Keywords: Aortic dissection, DeBakey type 1, myocardial infarction

How to cite this article:
Danbauchi SS, Ibinaiye PO, Anyiam CA, Alhassan MA, Oyati AI. DeBakey type 1 acute aortic dissection presenting as inferior myocardial infarction: A case report and review of literature. Arch Int Surg 2013;3:154-7

How to cite this URL:
Danbauchi SS, Ibinaiye PO, Anyiam CA, Alhassan MA, Oyati AI. DeBakey type 1 acute aortic dissection presenting as inferior myocardial infarction: A case report and review of literature. Arch Int Surg [serial online] 2013 [cited 2020 Feb 29];3:154-7. Available from:

  Introduction Top

Acute thoracic aortic dissection (AoD), one of the most common and serious diseases of the aorta, carries a high morbidity and mortality rate when not recognized or treated promptly. The mortality of untreated AoD may be as high as 1% within 1 h and 40-50% of the patients die within 48 h. [1],[2] For those fortunate enough to survive the initial 48 h, the disease may carry a 90% 1-year mortality rate. [1],[2] Since the introduction of modern treatment regimens, the fatality rate has declined dramatically. Patients with proximal ascending dissection who rapidly undergo surgery in experienced tertiary centers have a 30-day survival rate of 80-85% and a 10-year survival of 55%. [3] Realizations of the significant benefits of early intervention is dependent upon rapid establishment of the diagnosis of AoD.
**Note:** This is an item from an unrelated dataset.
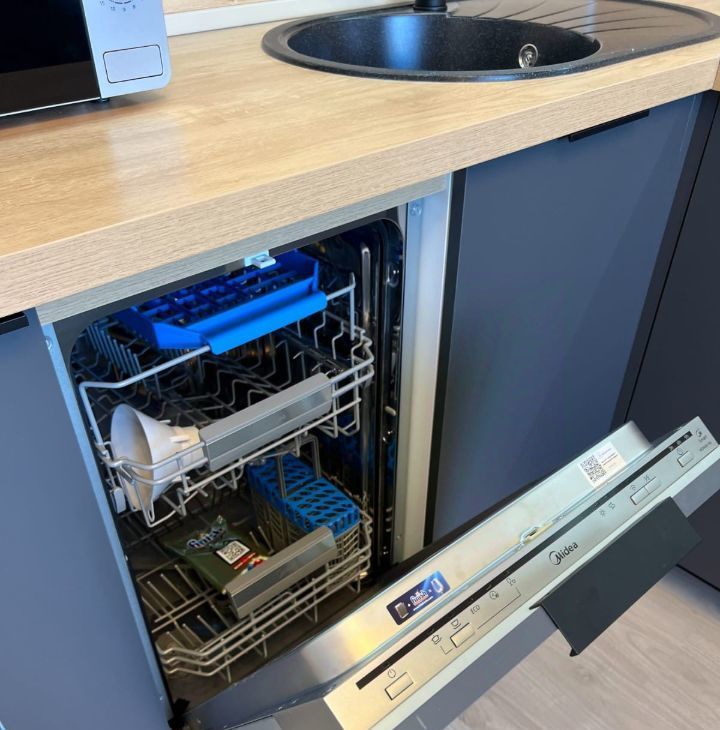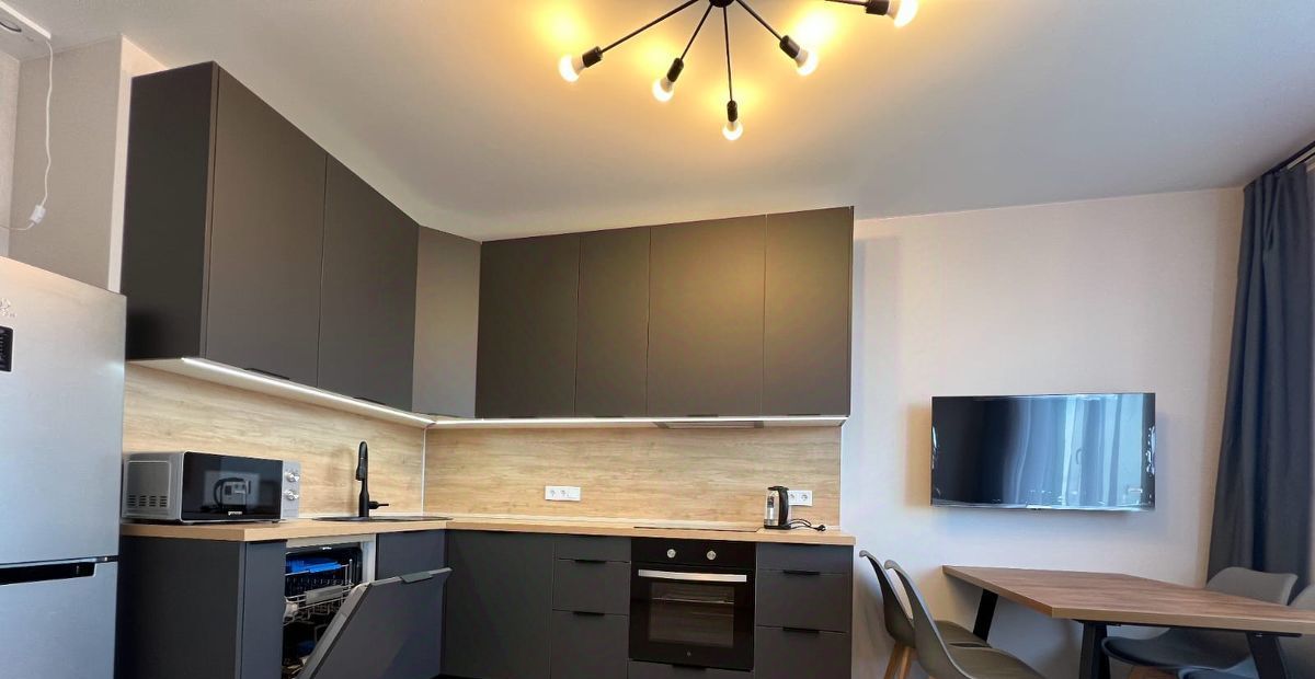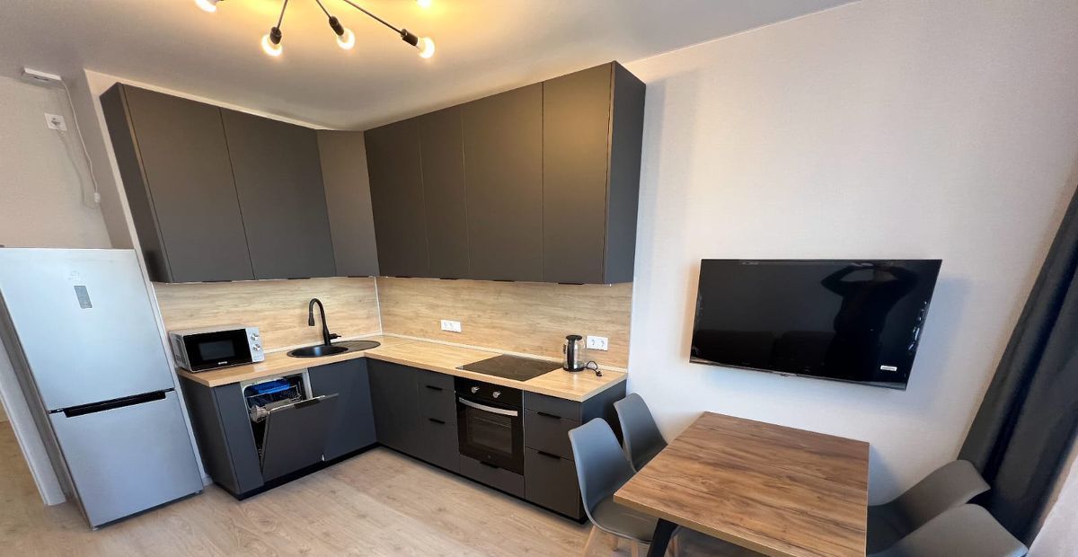 В квартире есть все необходимое для комфортного проживания: холодильник, телевизор, посудомоечная и стиральная машины. На кухне и в комнате установлена мебель. Санузел раздельный, в ванной комнате есть ванна, что особенно удобно для ежедневного использования. Окна выходят как на улицу, так и во двор, что обеспечивает хорошую освещенность и уют.

The classic symptoms of AoD such as abrupt chest, back, or abdominal pain are non-specific as other clinical conditions could mimic these symptoms. Hence, this makes the diagnosis of AoD difficult, especially in countries like Nigeria, where this disease entity is rare and modern diagnostic equipments are not readily available. By understanding the pathophysiology of AoD, the clinician may better understand the relationship between the dissection process and the resulting symptomatology. We present here a case of DeBakey type 1 AoD presenting with features of acute inferior myocardial infarction.

  Case Report Top

A 68-year-old man presented with crushing chest pain that started 18 h before presentation following coitus. The pain radiated to the left shoulder and was associated with shortness of breath, palpitations, sweating, and feeling of an impending doom. He noted occasional painless swelling of feet and legs. He was diagnosed hypertensive 2 years prior to presentation, but was non-compliant to his medication. He did not have diabetes or a history suggestive of peripheral vascular disease, angina, stroke, transient ischemic attack (TIAS), or myocardial infarction. He smoked about 30 pack-years and consumed high cholesterol diet but denied alcohol consumption. No family history of similar disease was noted.

Examination revealed an elderly man in respiratory and painful distress. He had mild pedal edema and diaphoresis. He was not pale, jaundiced, or centrally cyanosed, but had basal crepitations in both the lungs. His pulse rate was 110 per minute, regular, and full volume with arterial wall thickening, blood pressure was 150/90 mmHg, and apex beat was in the 6 th LICS lateral to the mid clavicular line. The heart sounds revealed normal S1 and S2, but loud A2 and S3 at the apex. There was a systolic murmur in the apex, but no pericardial friction rub. The abdomen and central nervous system were unremarkable. An electrocardiogram (ECG) revealed ST-Segment elevation >2 mm in Leads II, III and aVF consistent with inferior myocardial infarction.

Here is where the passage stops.